WHAT YOU ARE ASKED TO DO: Return the whole listing exactly, omitting the pictures.

SUPPLIED INFORMATION:
^^^^
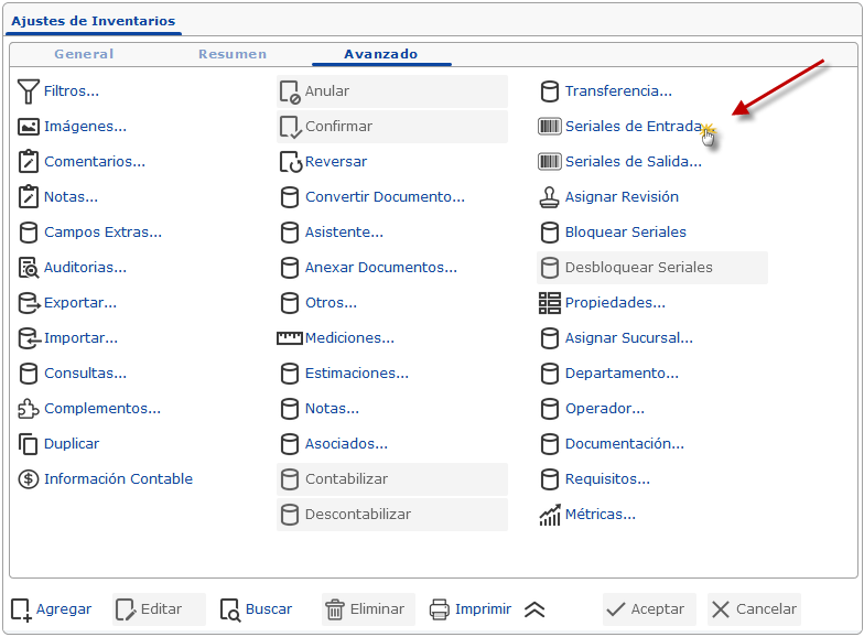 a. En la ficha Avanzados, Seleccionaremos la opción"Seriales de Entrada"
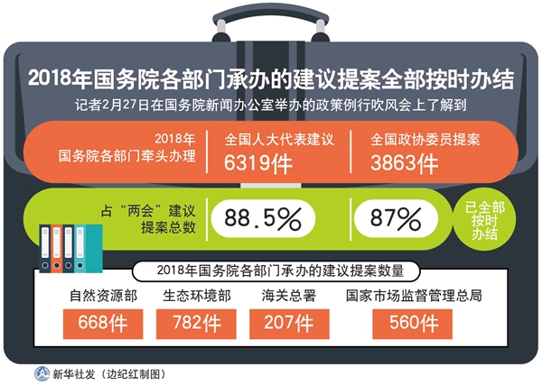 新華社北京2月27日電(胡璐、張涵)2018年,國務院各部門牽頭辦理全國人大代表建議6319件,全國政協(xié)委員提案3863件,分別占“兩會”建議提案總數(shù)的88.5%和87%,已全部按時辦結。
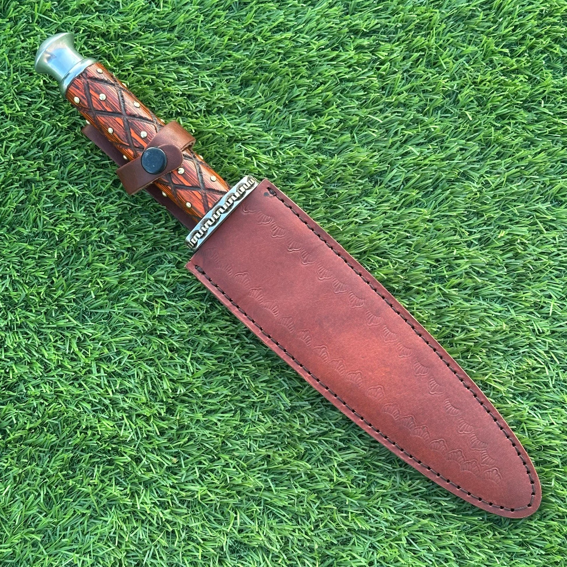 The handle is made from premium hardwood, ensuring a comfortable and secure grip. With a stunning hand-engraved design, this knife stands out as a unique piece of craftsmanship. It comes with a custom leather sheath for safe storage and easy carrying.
^^^^
TASK SOLUTION:
 a. En la ficha Avanzados, Seleccionaremos la opción"Seriales de Entrada"
 新華社北京2月27日電(胡璐、張涵)2018年,國務院各部門牽頭辦理全國人大代表建議6319件,全國政協(xié)委員提案3863件,分別占“兩會”建議提案總數(shù)的88.5%和87%,已全部按時辦結。
 The handle is made from premium hardwood, ensuring a comfortable and secure grip. With a stunning hand-engraved design, this knife stands out as a unique piece of craftsmanship. It comes with a custom leather sheath for safe storage and easy carrying.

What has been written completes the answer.